The protagonist of the story is either a lawyer or a CPA.
At the end, the lawyer/ CPA leans over and quietly asks, “What do you want it to be?”
A well-known tax attorney once said he thought every client needed two tax advisers. One would tell the client what the law was, the other what he wanted the law to be. Then he would choose.
In February, New Mexico joined the club of states adopting a “SALT workaround.” SALT stands for “state and local taxes.” Federal law now limits the deduction for income and property taxes paid by an individual to $10,000.
The $10,000 is called the “SALT cap.” Some people are leaving large tax deductions on the table because of the cap. This is not the answer that they want.
States started thinking about how to get their residents the answer they wanted. The workaround was conceived for those who operate some activity in a “passthrough entity,” (PTE) such as a partnership or S corporation.
The idea is to impose a state tax on the PTE income. The PTE would pay the tax imposed on it. The owner of the entity would claim a credit for the tax paid by the entity.
A 64-year-old IRS ruling said that if an Ohio PTE paid a tax imposed on the entity by the City of Cincinnati, the tax would be reflected in the income or loss reported by the PTE.
IRS issued a notice in 2020 that cited this ruling as well as legislative history to the 2017 change in the law that created the SALT cap. The legislative history said the cap would not apply to a tax imposed on a PTE.
Thus, the PTE workaround was born. It has multiplied across the land like rabbits. If you are one who has, or can create, income in a PTE, you may elect to treat state tax as imposed on the entity.
If you have nothing but W-2 wages, you won’t be able to have those wages deemed earned by a PTE. No workaround for you. Business income is best, investment income should also be acceptable.
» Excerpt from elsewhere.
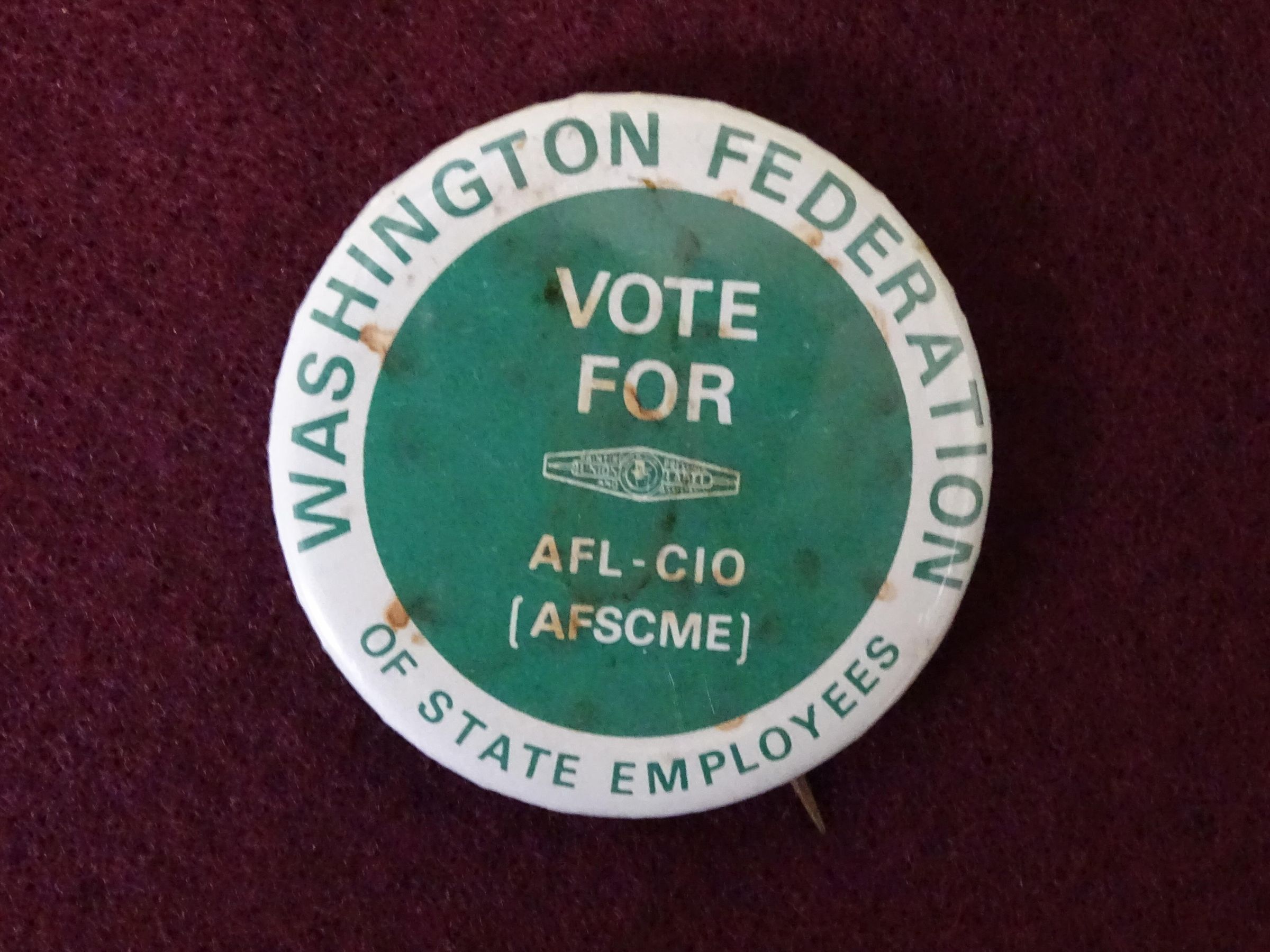Metal button in green and white. Around the edge are the words "Washington Federation of State Employees" and in the center is "Vote for AFL-CIO [AFSCME]" There is also a union logo that is too small to read.Relationships

If the IRS says something is OK, is it OK? Well, you say, there is no one to challenge me if the IRS will not do it. Perhaps so, but when IRS says something is so, and there is no other authority supporting that statement, IRS can later say it ain’t so.
Most tax advisers are positively giddy about the SALT workaround. They may boast of their knowledge of it and seek out clients to profit from its use.
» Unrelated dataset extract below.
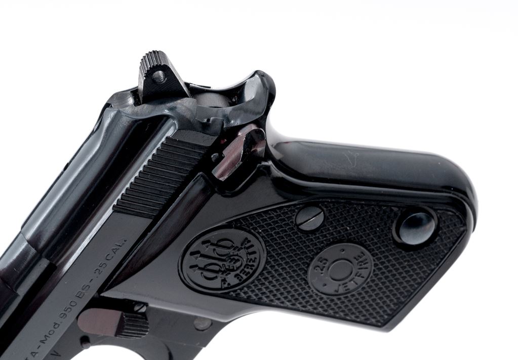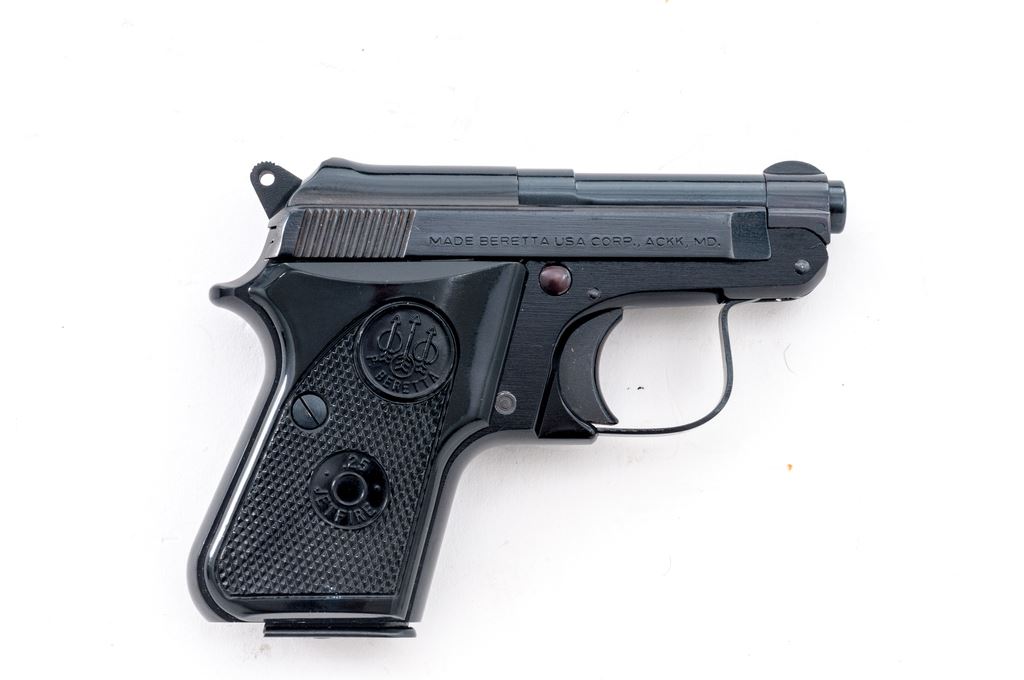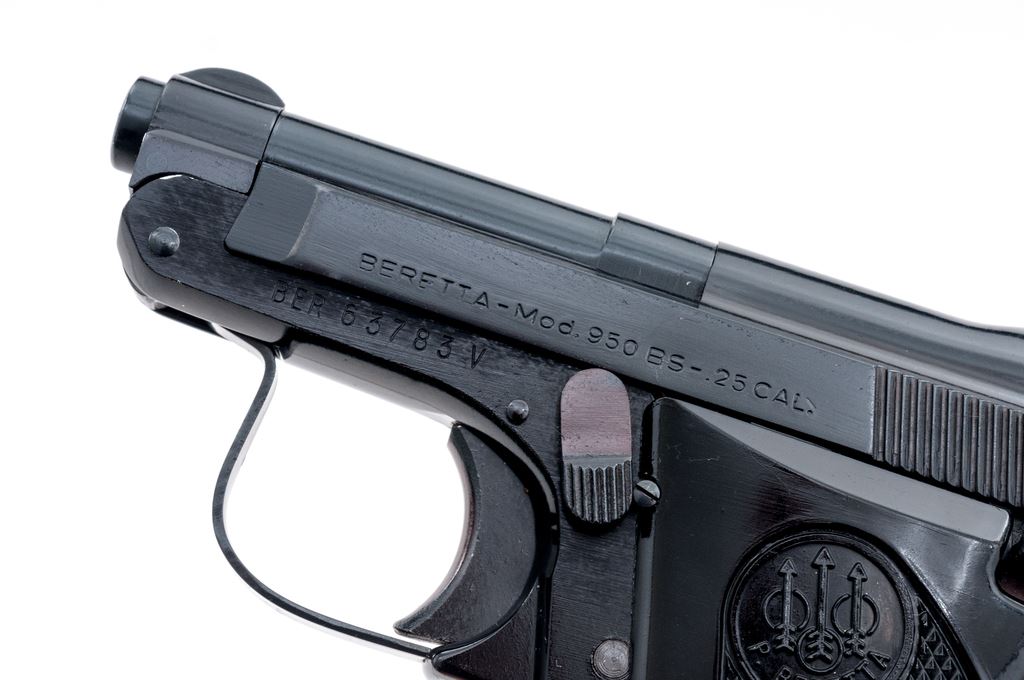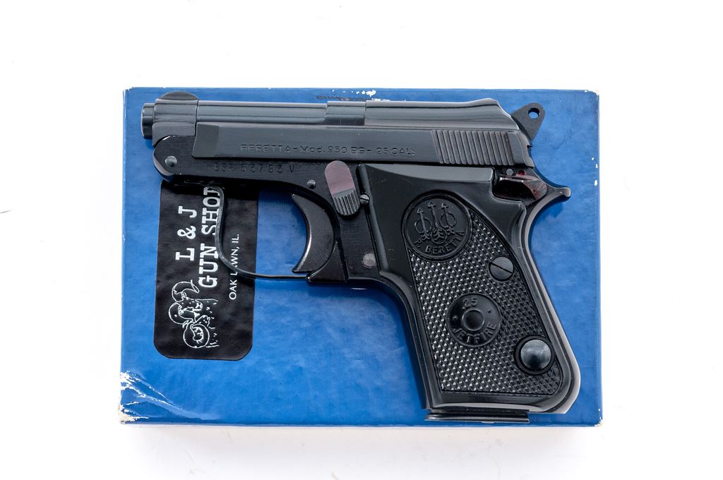 Beretta Model 950BS Jetfire Semi-Automatic Pistol, #BER63783V, .25 ACP cal., 2-3/8'' tip-up barrel, blued steel slide, black alloy frame, factory checkered black plastic grips,ÿstandard fixed sights, with one Beretta magazine. In the original two-piece box with matching end label. Condition is excellent retaining approx. 99% original finish. Metal and grips with a few slight handling marks, most noticeable on right side of frame and smooth portion of the left grip; grip checkering is sharp. Action operates smoothly, bright bore rates as excellent. Box shows moderate storage type wear, including creasing to parts of the lid. Est.: $250-$400. (Modern/PPT)

Who would deny a tax adviser that rare opportunity to be giddy? Well it turns out there is one well-known tax adviser who has raised an eyebrow at fellow professionals going gaga.
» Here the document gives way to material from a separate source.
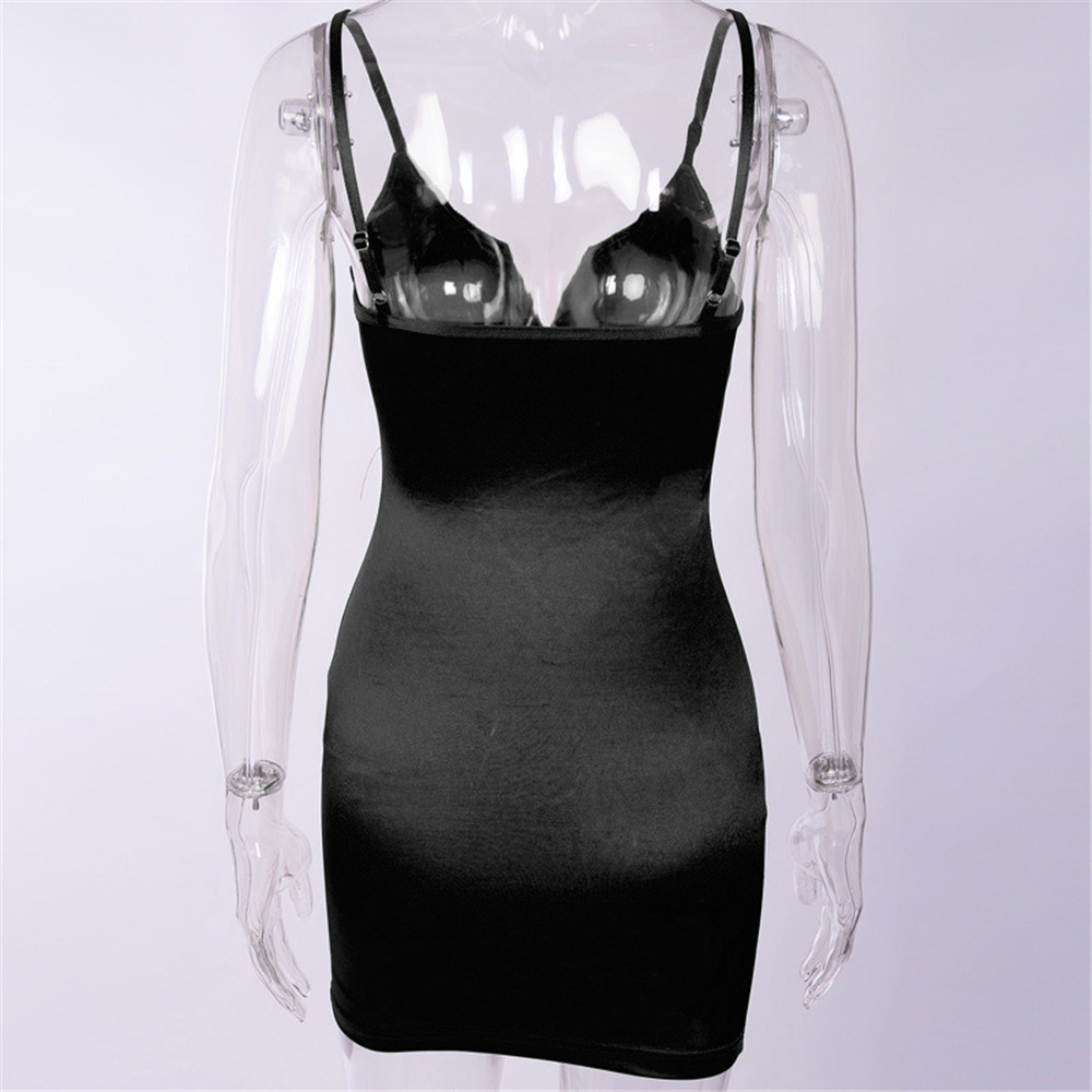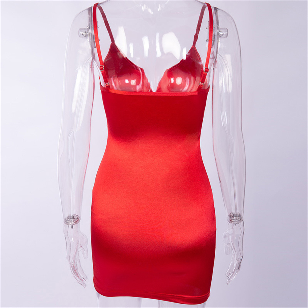 Grey Sexy Deep V-neck Evening Mini Dress Satin Club Dresses PQ81326A

In the interest of fairness, a trait that I occasionally subscribe to, this adviser’s questioning relates more to the thoroughness of the IRS analysis than to outright condemnation of its conclusion.
The tax expert is Monte Jackel, who formerly held several key positions with the IRS Office of Chief Counsel. Jackel raises the issue – are these taxes actually imposed on the PTE or are they withholding taxes paid by the PTE on behalf of the owners?
Jackel says of the IRS notice, “(it) is undoubtedly incorrect without its first containing an analysis as to why these types of taxes are, or are not, withholding taxes.”
Jackel cites an old Supreme Court case that held that a partnership’s payment of a partner’s share of a tax liability is a deemed distribution to the partner.
Again, let me make clear that Jackel does not say the workaround cannot work. He instead criticizes the IRS analysis for being incomplete.
At a minimum, a proper legal analysis would have to consider the wording of the specific state law. What happens if the PTE fails to pay the tax supposedly imposed on the entity?
The IRS analysis is, as Jackel says, deficient. Yet IRS is now the adviser that explains the law the way you want it to be.